Directed dynamic graphs: EvGNN uses a graph structure that efficiently stores information about the single-hop neighbors of each event, without the need for explicit edge storage.
Event queues: EvGNN employs event queues to quickly identify the local neighbors of each event within a specific spatiotemporal range, enabling efficient processing.
Layer-parallel processing: EvGNN's novel processing scheme allows for the low-latency execution of multi-layer GNNs, crucial for high-accuracy event-based vision.

By implementing these ideas, EvGNN is able to achieve real-time, microsecond-resolution event-based vision on an edge computing platform, with high accuracy and low power consumption. This represents an important step towards practical, decentralized computer vision at the edge.

Technical Explanation

EvGNN is designed to efficiently process event data from event-based cameras, which offer advantages over traditional frame-based vision sensors, such as low latency and energy efficiency. However, existing computer vision algorithms, including convolutional neural networks (CNNs), are not well-suited to leverage the unique properties of event-based data.

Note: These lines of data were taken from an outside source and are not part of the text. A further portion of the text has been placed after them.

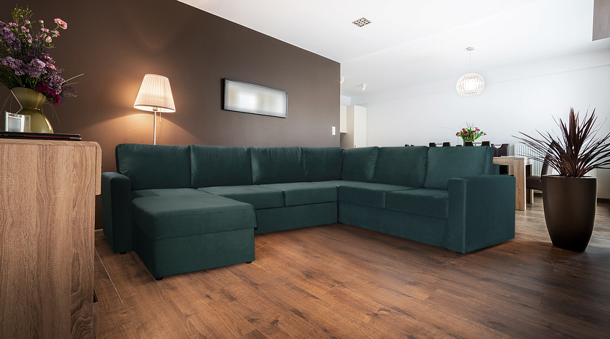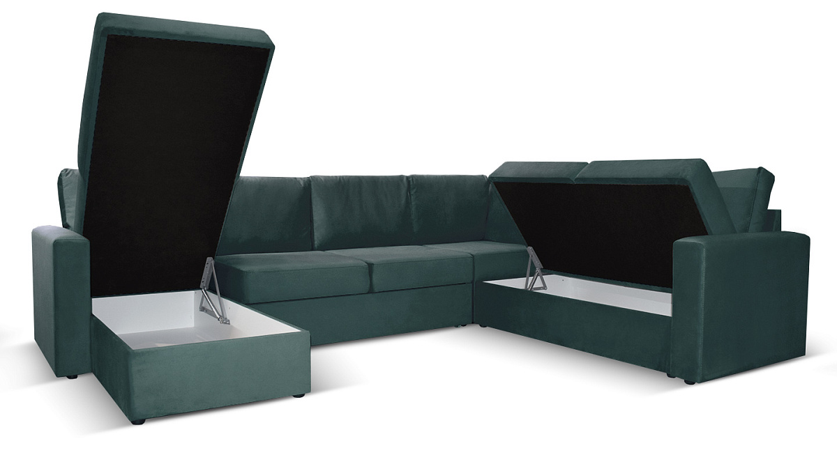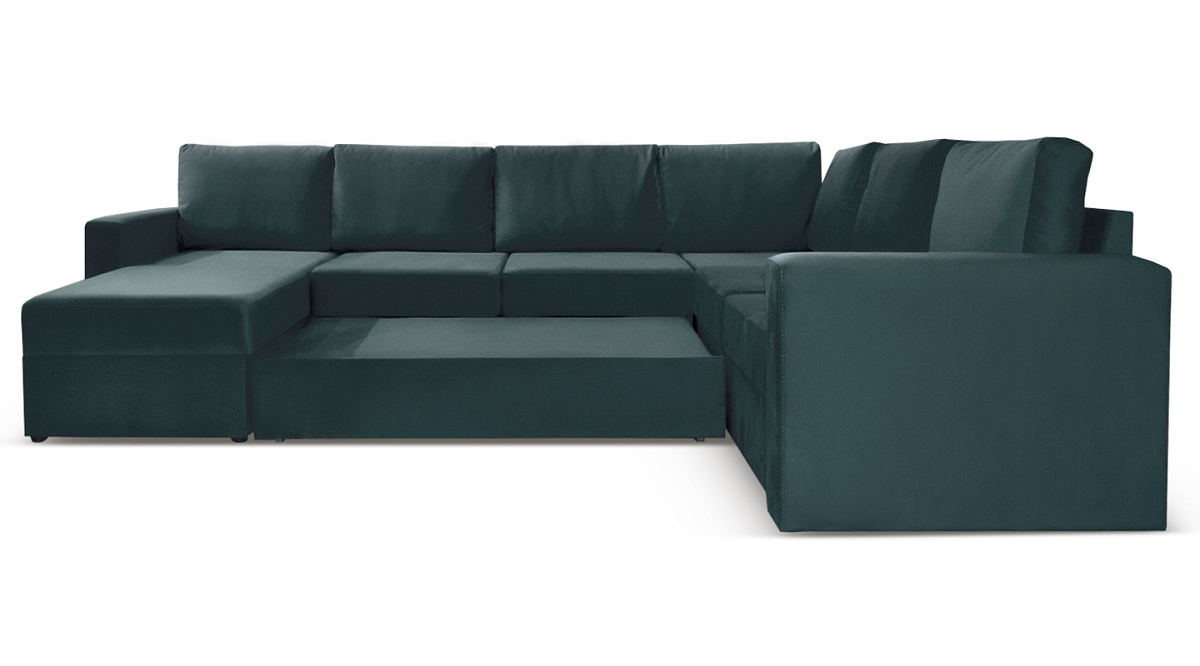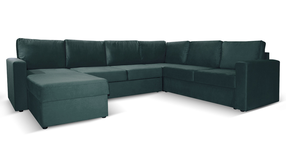 П-образный диван Кольдинг Темно-зеленый велюр
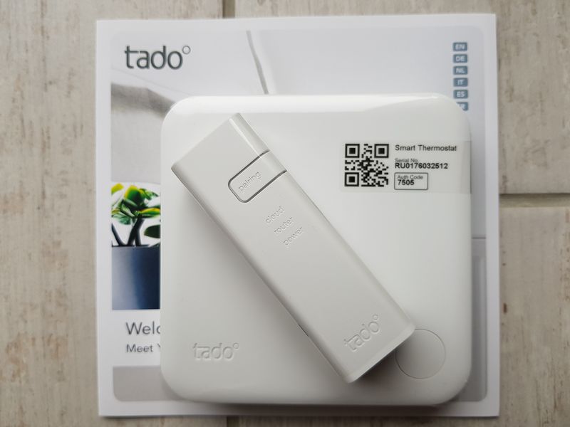 Ce kit de démarrage contient une passerelle Tado°, un thermostat intelligent et ses accessoires, ce qui nous donne :
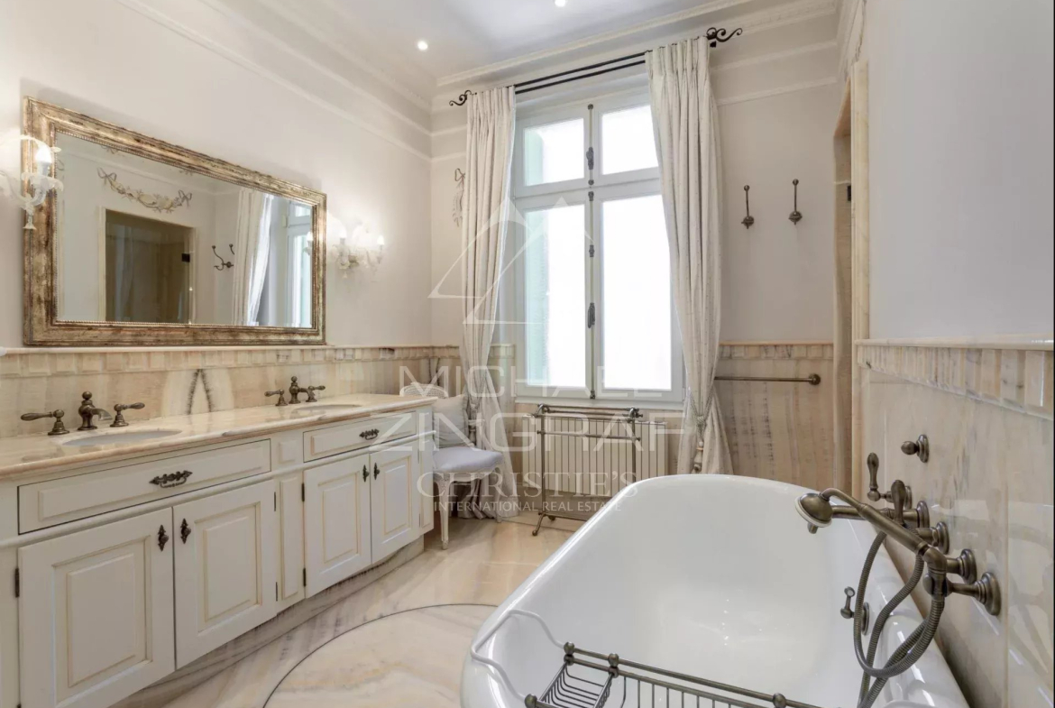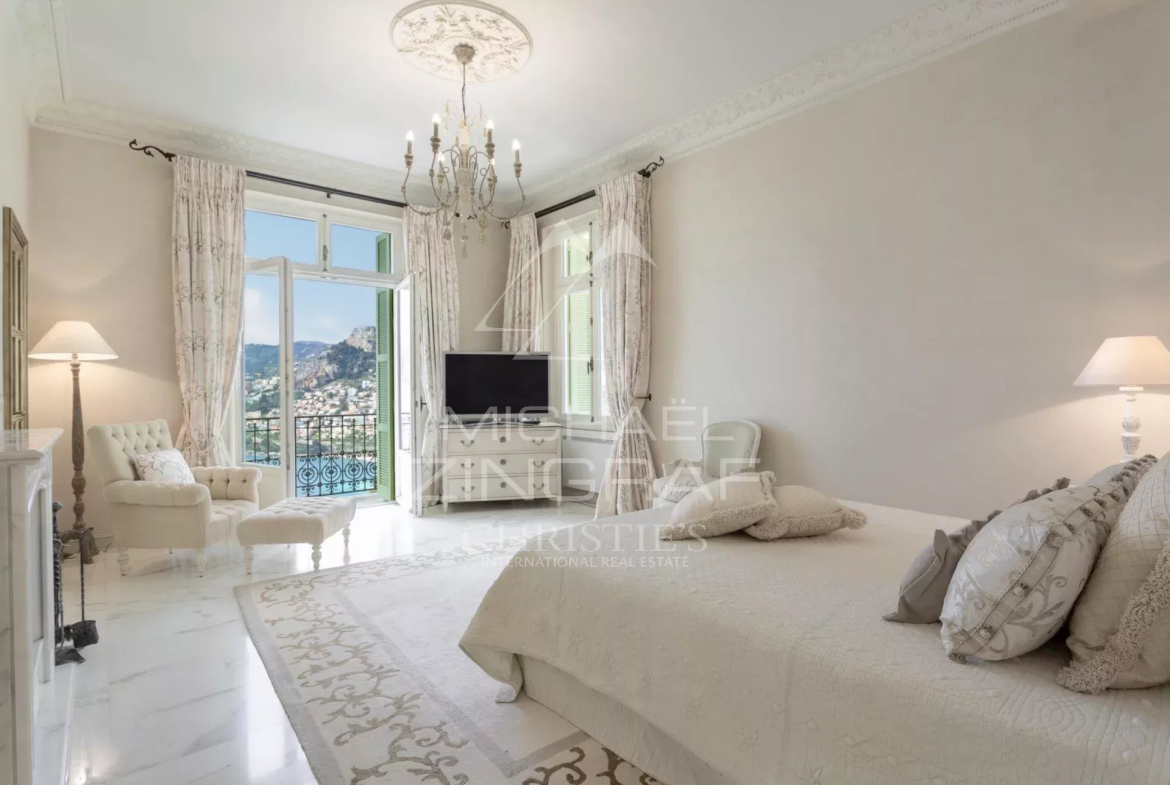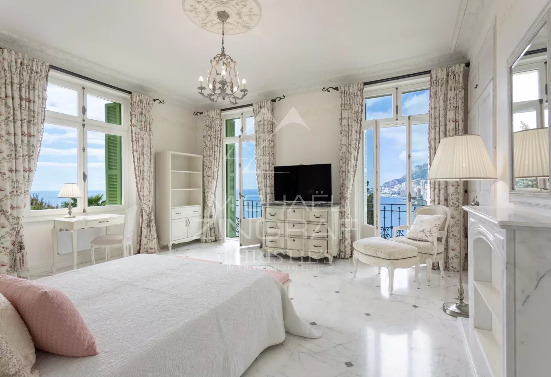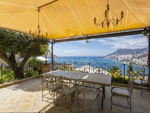 A 10 minutes de la principauté de Monaco, dans un secteur résidentiel et calme, luxueuse villa Belle Epoque au coeur d’un parc plat complanté d’environ 2.500 m² avec piscine. Magnifique vue mer panoramique.
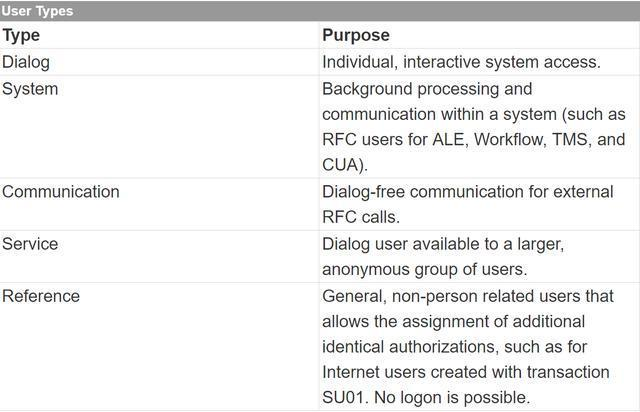 - Reference: General, non-person related users that allows the assignment of additional identical authorizations, such as for Internet users created with transaction SU01. No logon is possible.
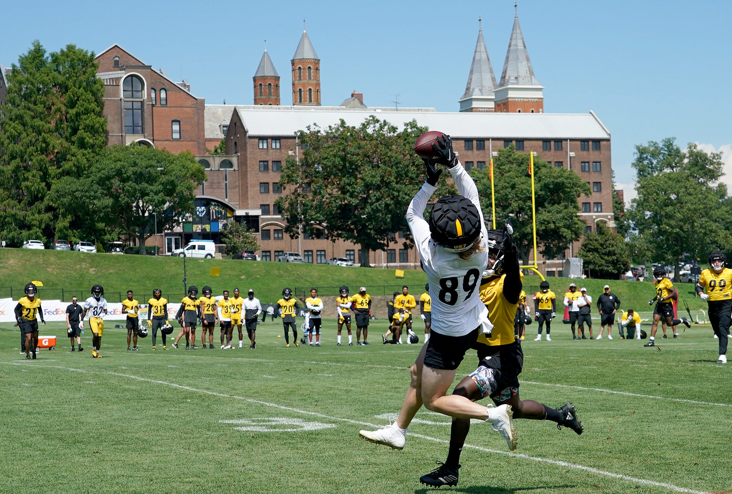 ss_Steelers camp Aug. 17, 2022 01 August 17, 2022 • 2560 × 1728 • Week in photos: Aug.14-20, 2022 Steelers wide receiver Gunner Olszewski pulls in a pass against safety Damontae Kazee during training camp, Wednesday, Aug. 17, 2022, at Saint Vincent College. (Matt Freed/Post-Gazette)
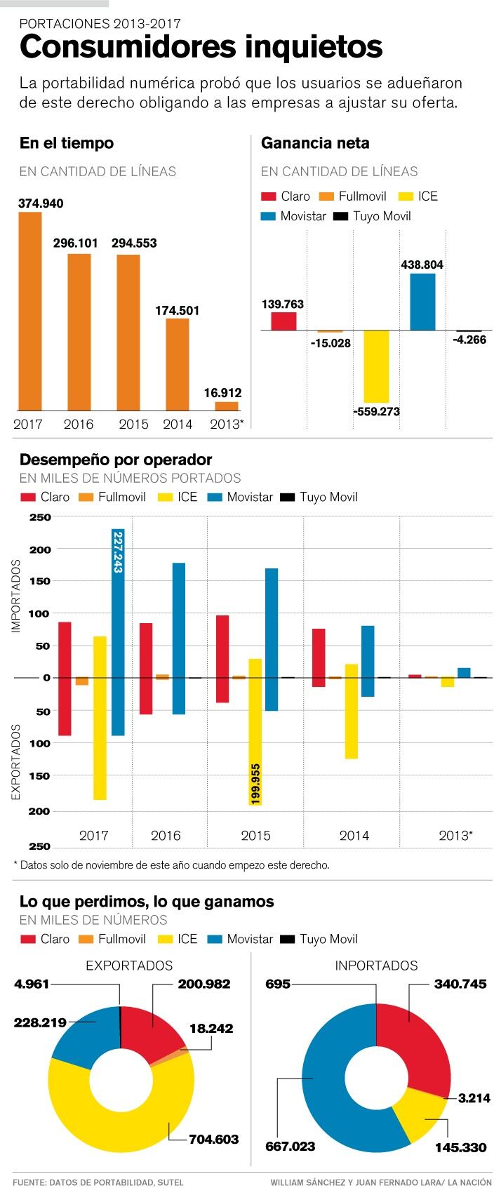 A partir de esa fecha, se habían realizado 1.157.000 traslados hasta el 31 de diciembre, indican estadísticas de la Superintendencia de Telecomunicaciones (Sutel). Esa cifra representa 14% del total de líneas móviles a diciembre del 2016, cuando sumaban 8,3 millones.
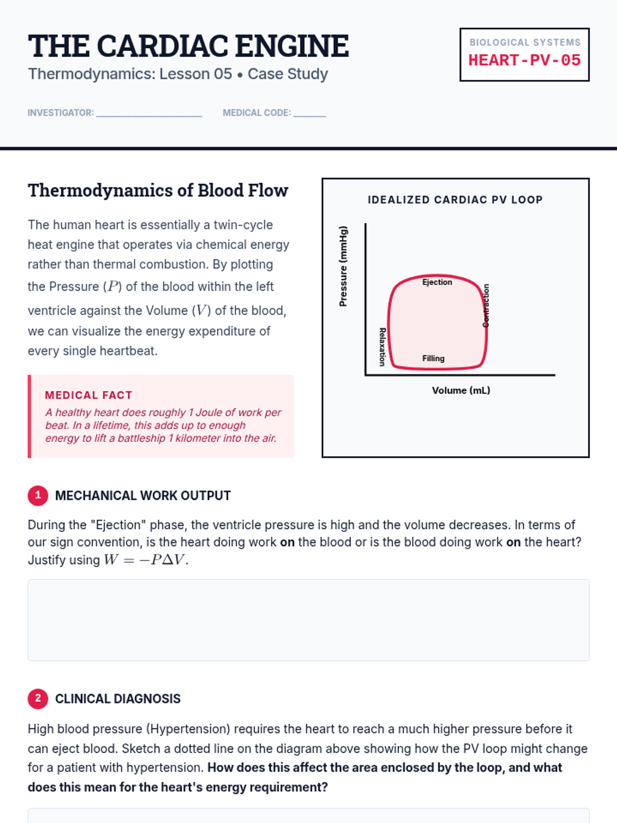 Students interpret complex PV diagrams for real-world engines and biological systems, such as the human heart.

To address this, EvGNN introduces three key innovations:

Directed dynamic graphs: EvGNN represents the event data using a graph structure, where each node corresponds to a single event. The edges in the graph are dynamically created based on the spatial and temporal proximity of the events, and the graph is directed to efficiently store information about the single-hop neighbors of each event.
Event queues: EvGNN employs event queues to quickly identify the local neighbors of each event within a specific spatiotemporal range. This allows for efficient processing of the event data, without the need for costly global searches.
Layer-parallel processing: EvGNN's novel processing scheme enables the low-latency execution of multi-layer GNNs, which is crucial for achieving high-accuracy event-based vision. This is achieved by parallelizing the computation across the layers of the GNN.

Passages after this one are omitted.